The current standard for diagnosing a DVT is a two-point duplex scan.¹⁷ The non-invasive two-point ultrasound examination looks at the popliteal vein and the common femoral vein. The physician will compress the vein at these two points. If the vein is non-compressible, the presence of thrombus is proven. Thrombus may also be visible on sonography and venous flow may be absent. Alternative diagnoses, such as a Baker’s cyst, may also be identified on ultrasound. If the duplex scan is inconclusive, but the suspicion of DVT is still high, a conventional venogram or other imaging may be considered. Conventional venography is still the gold standard, but duplex ultrasound is much more accessible, less invasive and easier to perform. In cases of recurrent DVT it may prove difficult to differentiate between newly formed thrombus and old residual thrombus. Standardised documentation of the previous thrombus location may be helpful. The size of the vein and the identification of scarring may help guide the clinician, with small scarred veins most likely to represent chronic changes. In experienced hands it is also possible to estimate thrombus age based on homogeneity. A thrombus with a homogenous aspect is more likely to be fresh. It should also be recognised that fresh thrombus may form within a recanalised area of old thrombus. Figure 19.3 shows a duplex scan of the common femoral vein with intraluminal thrombus.

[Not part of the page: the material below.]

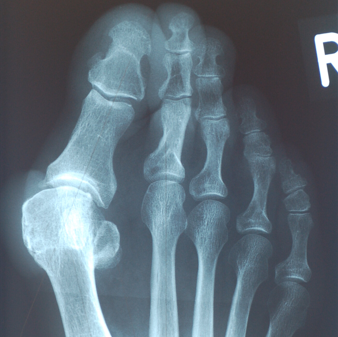 Unter Hallux valgus (auch Großzehenballen genannt) versteht man eine Abweichung der Großzehe nach kleinzehenwärts. Nicht eine Knochenanlagerung sondern das herausgetretene Mittelfußköpfchen bildet den „Ballen“. Neben erblicher Vorbelastung begünstigt enges Schuhwerk die Fehlstellung.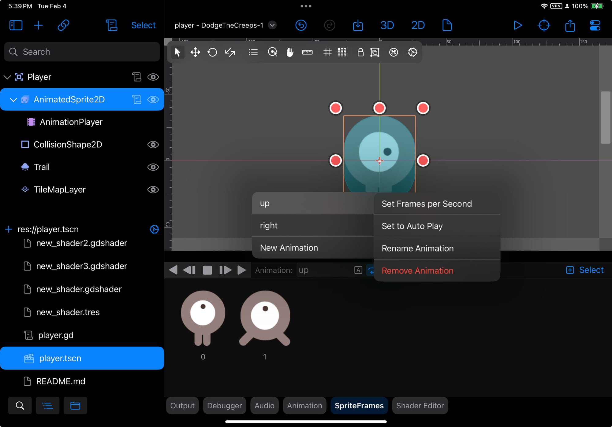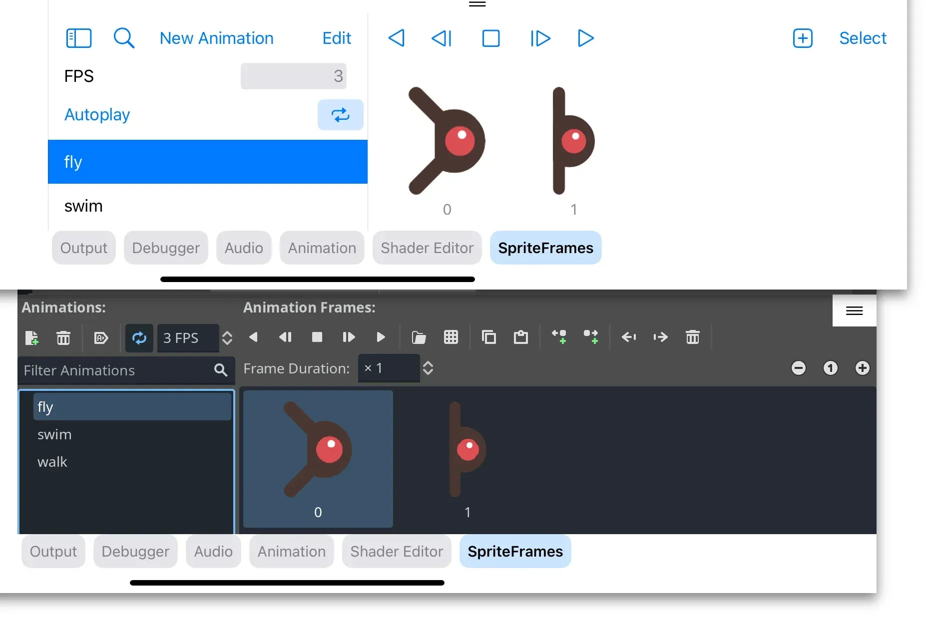 While it is slightly cleaned up, fundamentally it uses the same layout as Godot's UI - and I have never been quite happy about it. As I was writing this blog post, I realized that I did not like the player controls in the middle of the screen, that I hated the left side-bar taking all that space, that the FPS/Autoplay/Repeat controls felt capricious and were bound to an animation. And here I was, basking on the glory of the new Animation Tab, and realized - that I could vastly improve the SpriteFrame tab if I borrowed the playback controls, and moved away from a master/detail hierarchy for the sprite animations into a system similar to the animations tab. The pop-up menu would now host the key operations of an animation, and we would gain the space from the left column.

New techniques are becoming more readily available for imaging of the venous system, including computed tomography and magnetic resonance venography. These techniques can be used to identify DVT but are especially useful in determining the precise extent of the thrombus and any underlying stenosis. In particular, the iliac vein segment and the inferior vena cava can be assessed in a simpler manner than with duplex ultrasound.^18,19 These techniques will become very important in identifying patients suitable for more aggressive intervention than standard anticoagulation therapy. New reporting standards have been developed to standardise the scoring of venous disease with different imaging techniques (LOVE score). With these standardised reports it is possible to identify and report DVT systematically and stratify patients into different treatment groups (LET score).^20,21 This will become more important as treatment options advance further. Figure 19.4 shows a magnetic resonance venograph with a DVT present in the popliteal vein and femoral vein of the left leg.